462. Telegram Supnu 382 From Geneva1
Supnu 382. For Herter from Wadsworth. Reference: Nusup 307.
I think your message covers very well what we should do in response to various approaches the Russians might take. I personally think that what is most likely is that Russians will not give clear acceptance or rejection of either of alternatives suggestions we have made and that they will not make any major new proposals on basic issues in next few days. So line of action that we will probably have to follow is the one you have laid out in next to last paragraph of your telegram.
[Typeset Page 1655]We may meet Soviet objections to idea of formal recess before Foreign Ministers meeting but I do not think they will press these objections and, in any case, we will be in a strong position just to say that time terms of resumed negotiations should be set by our Foreign Ministers. The fact that no one can accurately foretell how long the Foreign Ministers meeting will last will in itself help us avoid setting a date for re-opening our conference at the time that we recess.

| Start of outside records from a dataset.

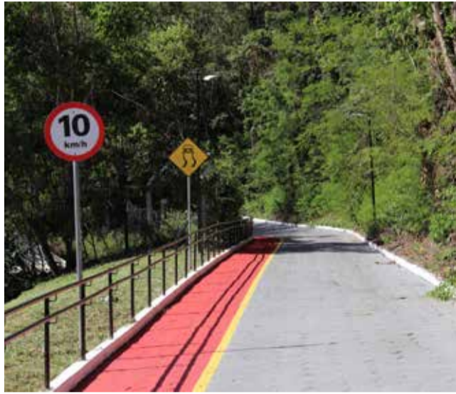
Mais de R$ 600 mil de recursos próprios e destinados foram investidos na primeira e segunda etapa de revitalização do ponto turístico

O ato de inauguração será realizado no dia 20, às 17h30, no Morro do Cristo. "Teremos um momento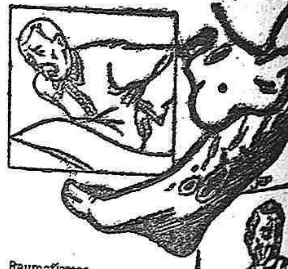
Reumatismas Enfermedades de las pleuras Enfermedades de la piel Arterio-esclerosis

Enfermedades del ganado vacuno, lanar, cabrio, de cerda y demás animales domésticos. Vacunación antirrábica en el perro. Cojeras, hembras ortopédico, etc., etc. Calle de Burgos próximo a la Iglesia de San Lázaro Palencia.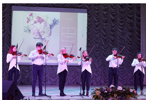
Ансамбль скрипачей "Кварта"

Для желающих проявить себя в актерском мастерстве, музыке, моделинге и танцах в нашем университете есть несколько кружков. Участники не остаются за кадром, у них есть возможность выступать на мероприятиях университетского и даже республиканского масштаба.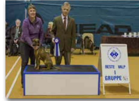
GRUPPE 4/6/7 – VALP – Dommer: Antonio Di Lorenzo, Italia.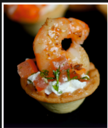
МИНИ ТАРТАЛЕТКИ С КРЕВЕТКОЙ, СЫРНЫМ КРЕМОМ И ТОМАТНОЙ САЛЬСОЙ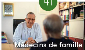
Médecins de famille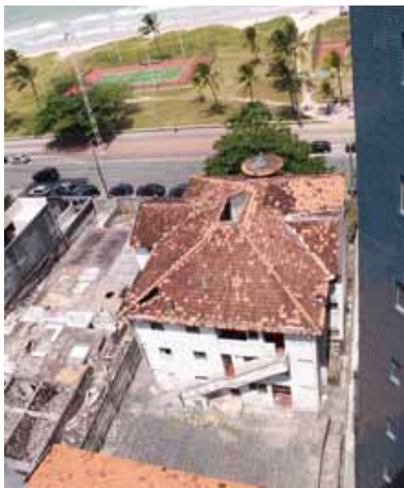
Figura 02. Vista superior do Edifício Caiçara onde é possível visualizar os dois blocos, o frontal e o de fundos. Fotografia: Nani Azevedo, 2011.

Já o segundo bloco (figura 05), situado nos fundos do terreno, era constituído de garagens térreas e quartos de serviços de cada apartamento no primeiro pavimento. Uma herança das construções coloniais, onde havia uma separação das áreas sociais e serviço da casa.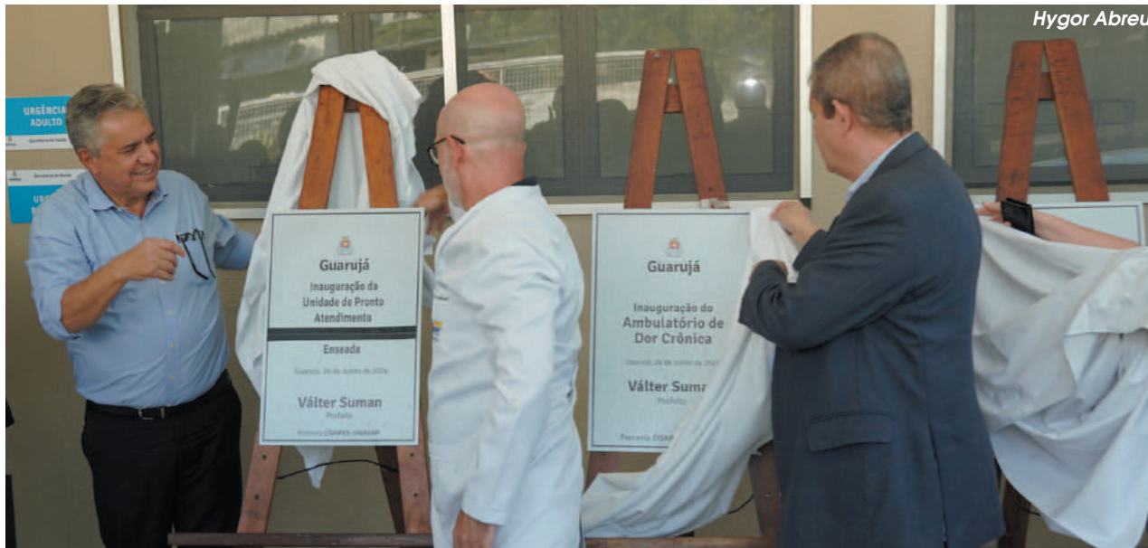
Novo equipamento funcionará, provisoriamente, dentro das instalações da Universidade de Ribeirão Preto (Unaerp) – campus Guarujá, na Enseada

O atendimento à população já começa nesta segunda-feira (1º), a partir das 8 horas. A iniciativa é fruto de uma parceria entre a Secretaria Municipal de Saúde (Sesau) e a instituição de ensino, por meio do contrato organizativo de ação pública de ensino-saúde (Coapes).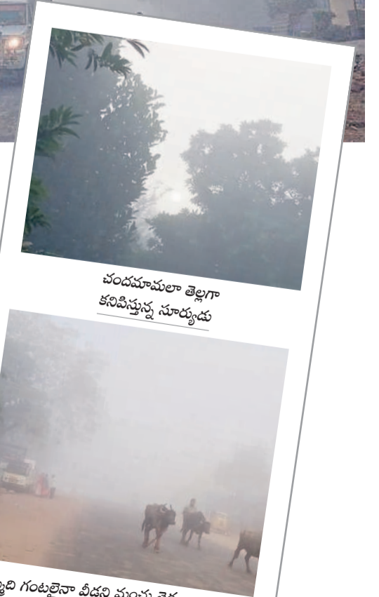
చందమామలా తెల్లగా కనిపిస్తున్న సూర్యుడు

ఓ వైపు పొగమంచు.. మరోవైపు ఎముకలు కొరికే చలితో ప్రజలు గజగజ వణకుతున్నారు. ఉదయం తొమ్మిది గంటలైనా వాహనదారులు లైట్లు వేసుకొని ప్రయాణించారు. ఈ దృశ్యాలు మంగపేట మండలం కమలాపురం, మంగపేట, బోరునర్సాపురం గ్రామాల్లో కనిపించాయి. మరోవైపు సూర్యుడు సైతం చందమామలా తెల్లగా కనిపిస్తూ చూపరులను కనువిందు చేశాడు. - మంగపేట, డిసెంబర్ 21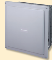
② パワーコンディショナ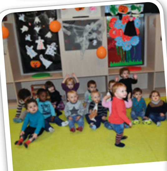
Goûter d'halloween à l'Ilot câlin, le 2 novembre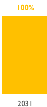
Permanência Garantida por ABL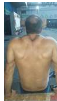
Figura 4. Tercer ejercicio.

El tercer ejercicio es una variación de fondo, consiste en apoyar las manos en un cajón manteniendo la posición de fondo con el talón apoyado sobre el suelo, a continuación realizar descensos con el cuerpo sin cambiar la posición de los brazos.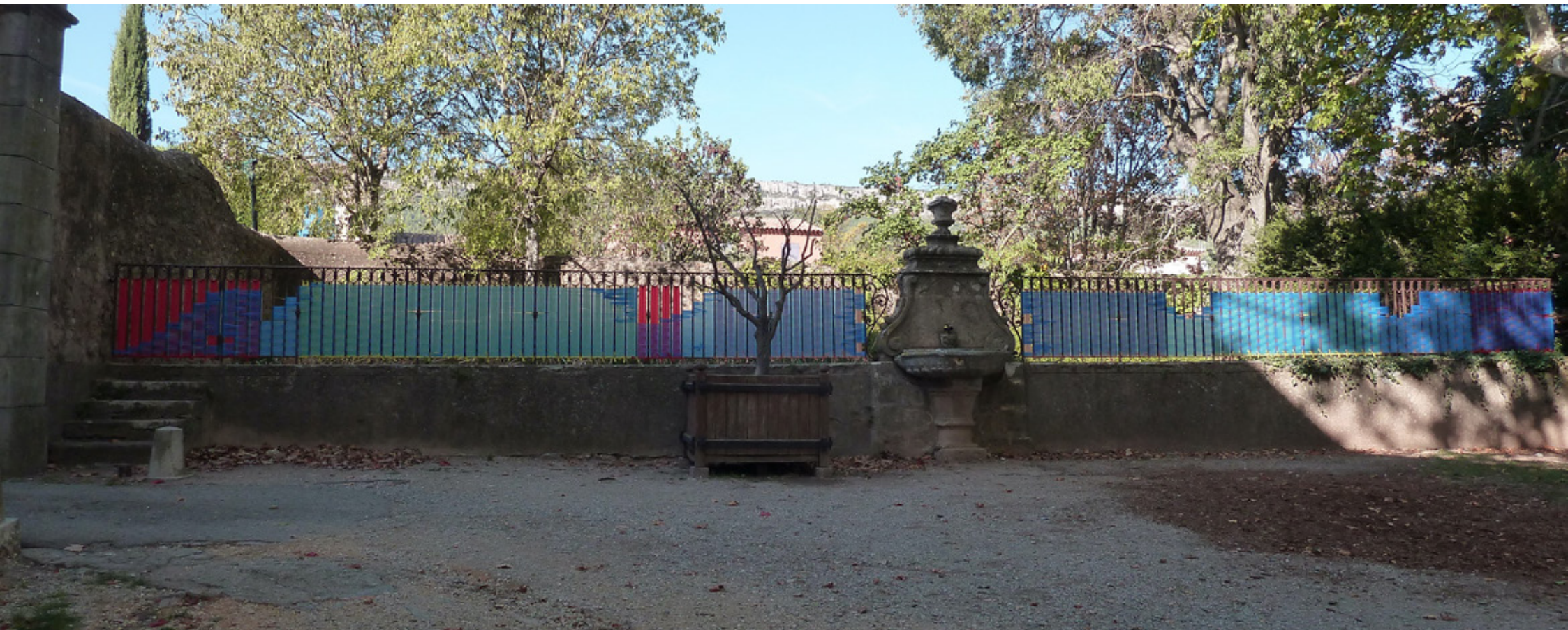
ARTS ÉPHÉMÈRES EN ITINÉRANCES, ARTEUM MAC, CHATEAUNEUF LE ROUGE, OCTOBRE 2023 RUBALISE SUR GRILLE EN FER FORGÉ, 16 X 1,20 M.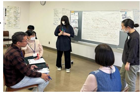
輪になって話し合いながら「話し合いのコツ」を学びます（写真は昨年11月の講座より）

今年も時期はまだ未定ですがファシリテーション講座を予定していますので、皆さまのご参加をお待ちしています。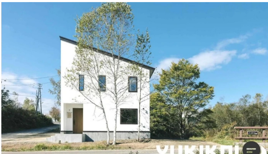
Jai la patate ジェラパタット オーナー提供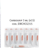
CARBGRIP 3 ML (x15) cod. EMCHCG315

NOT PICTURED: CARBOCUT REPLACEMENT BLADES (x5) cod. EMCHCCBS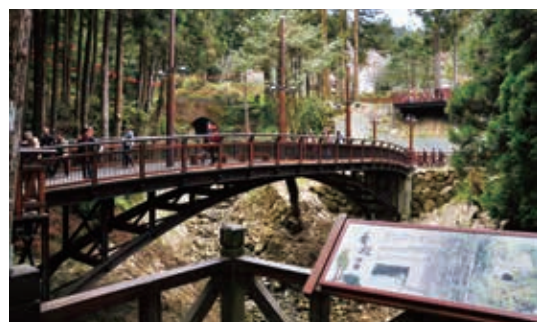
▲阿里山人車分道工程新建舟型跨橋，以「諾亞方舟夢想起飛」意向橫跨阿里山溪流

103 年度辦理太平山等 18 處森林遊樂區內公共服務設施規畫及興建工程，改善區內景觀美質、型塑優質之旅遊環境，並完成森林遊樂區公共服務設施及景觀改善工程 12 件，其中「祝山林道人車分道三期興建工程」、「阿里山森林遊樂區第一執勤室等整修工程」榮獲「102～103 年度優良農業建設工程獎」，而「祝山林道人車分道三期興建工程」更有效解決園區 30 年來人車爭道之問題，深受遊客及當地居民肯定及讚賞。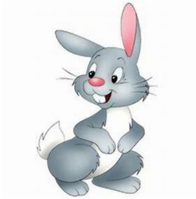
Klasse 1 a Kaninchen

The only point on which I differ, and I think this is a very important point, is on question on how we handle staffing issue. I agree completely that we should try to play down the staffing issue and have it not appear as equal in importance [Facsimile Page 2] to inspection and the veto. But I sincerely believe the only way we can do this, in present situation, is to make a limited movement from our present position. I think all we really have to do is to say that since the Soviets have now agreed that the business of control is really carried out by actual technical staff, and since they have abandoned their previous idea of controllers, we have decided to accept the idea of having a strictly limited number of host country nationals in the control posts. The number should be strictly limited so as to guard against any obstruction of the control function. But the presence of a limited number of host country nationals could be justified on grounds that host country also has an interest in seeing that control posts operate properly.
I would not expect that we would expose ourselves to any detailed negotiations on the staffing issue. And I would not put forward any specific formula on staffing. But I think some movement off our present staffing position is required to give plausibility to our claim that this issue can be resolved and to clearly remove it as one of the decisive issues. If we continue to stand pat on staffing I am afraid any talks at Foreign Minister level will be cluttered up by Soviet challenges on this point. Some slight modification of our previous position will avert the risk of Gromyko emphasizing this issue and thus cutting into efforts you have in mind to focus attention sharply on Soviet intransigence on basic control issues of veto and inspection.
Otherwise I agree that we are in first rate position to put our proposition squarely to the Russians and put on them the onus for any breakdown or lack of progress in negotiations.
As I have said, I think the tactics you have outlined are sound and if I am authorized to make the kind of statement on staffing that I have suggested, I am sure we can handle [Facsimile Page 3] the situation so that you will have a strong and clear position to field when your meet with the other Foreign Ministers.
I am sending a separate message on the details of tactics we would like to follow over the next two weeks.